“If people at home want to be able to keep watching the television, be able to turn the kettle on, and benefit from electricity, we have got to make these investments. It is essential to keep the lights on.”
Ed Davey, energy secretary, 21 October 2013
This morning, the government announced that it had struck a deal with the French company EDF to build Britain’s first new nuclear power station in 25 years.
The deal was to build two reactors at Hinkley Point C plant in Somerset which would provide “a stable source of clean power from 2023, generating enough electricity to power nearly 6 millions homes”, according to a government press release.
EDF Energy will lead a consortium including Chinese investors, with an investment of around £16bn. The China General Nuclear Power Group and China National Nuclear Corporation will be minority investors. Ministers have agreed a price of £92.50 per megawatt hour at the plant when it comes into operation.
The Energy Secretary Ed Davey hailed it as a “historic day”. Due to the French investment, he said, “for the first time, a nuclear station in this country will not have been built with money from the British taxpayer.”

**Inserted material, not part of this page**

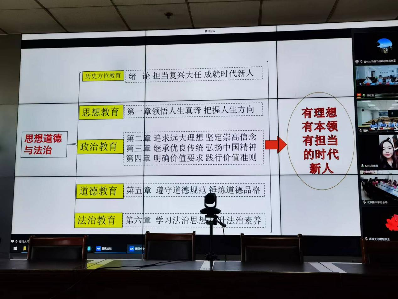 日照市东港区初中道德与法治学科“全区同备一节课”线上主题研讨会首先由分会场主备团队汇报备课成果。

Essential to stop us from from having no power, though? FactCheck wonders whether we’re being kept in the dark on this.
The analysis
It’s worth pointing out that it’s rather odd for the Lib Dem energy secretary to take this position. In their election manifesto, they said the party would would “reject a new generation of nuclear power stations. Based on the evidence nuclear is a far more expensive way of reducing carbon emissions than promoting energy conservation and renewable energy.”
He didn’t mention the manifesto this morning, though. At a press conference, he said that anyone who thought the power generated by Hinkley C could be generated by wind turbines was “brave”.
As to his point that Hinkley C is the only way to keep the lights switched on – we’re not sure why the energy secretary says this.
According to Ofgem, which regulates the electricity and gas markets, the lights weren’t about to go out anyway.
In a report published in June this year, Ofgem said that the energy capacity was due to hit its low in two or three years, and after that, things would get better.
Capacity margins could fall to between two to five per cent in 2015-16 – when they would “bottom out”. After that, Ofgem said, margins would begin to rise again, due to an increase in onshore and offshore wind generation, onshore.
It’s also the case that according to the Department for Energy and Climate Change’s own assessments, demand for electricity has been falling.
Household electricity consumption has fallen by 11 per cent since 2005, and gas by 20 per cent since then. That’s due to improvements in home insulation efficiency, better gadgets such as televisions and electrical goods which use less electricity, and the recent economic climate.
In other words, based on current trends, Hinkley is on schedule to begin operating when things are already on the up.
The DECC report even said that innovations, for example more efficient boilers, home improvements enforced through tightened up building regulations, smart meters, and the government’s Green Deal, were expected to save households around 11 per cent – £166 – on their energy bills by 2020.
In fact, when we asked Dr Paul Dorfman of the UCL Energy Institute what he made of what Mr Davey said, he said: “We would have to have a decade of huge growth to get back to the electricity demand of 2008.”
The verdict
Based on what the regulator and the government have said, there hasn’t been evidence to suggest the lights are about to go out.
We realise Mr Davey is speaking metaphorically – the National Grid would have to step in and introduce measures to prevent us all from sitting in the dark if we really were at that point.
But it does strike us as odd that the plant wasn’t scheduled to be built before 2015-16 when we are likely to see the biggest squeeze.
So we asked the Department for Energy and Climate Change what Mr Davey meant by what he said.
A spokeswoman said: “He was just making the point of how important it [nuclear] is. He wasn’t affirmatively saying that if Hinkley wasn’t built, the lights would be switched off.”
We also asked for a detailed explanation and breakdown of how the government had concluded that a new nuclear fleet would cut bills by £77 by 2030. The claim was repeated a number of times, and we asked repeatedly how it was arrived at. Another academic, Professor Steve Thomas, of the University of Greenwich, told us: “The idea that we can know what the electricity supply will be in 17 years is laughable.”
We were sent several reports of models and analysis, but no one was prepared to actually sit and show us some sums, saying simply that it was “complicated” and would be presented in due course.
In other words, even DECC couldn’t shed any light on the matter, nuclear or not.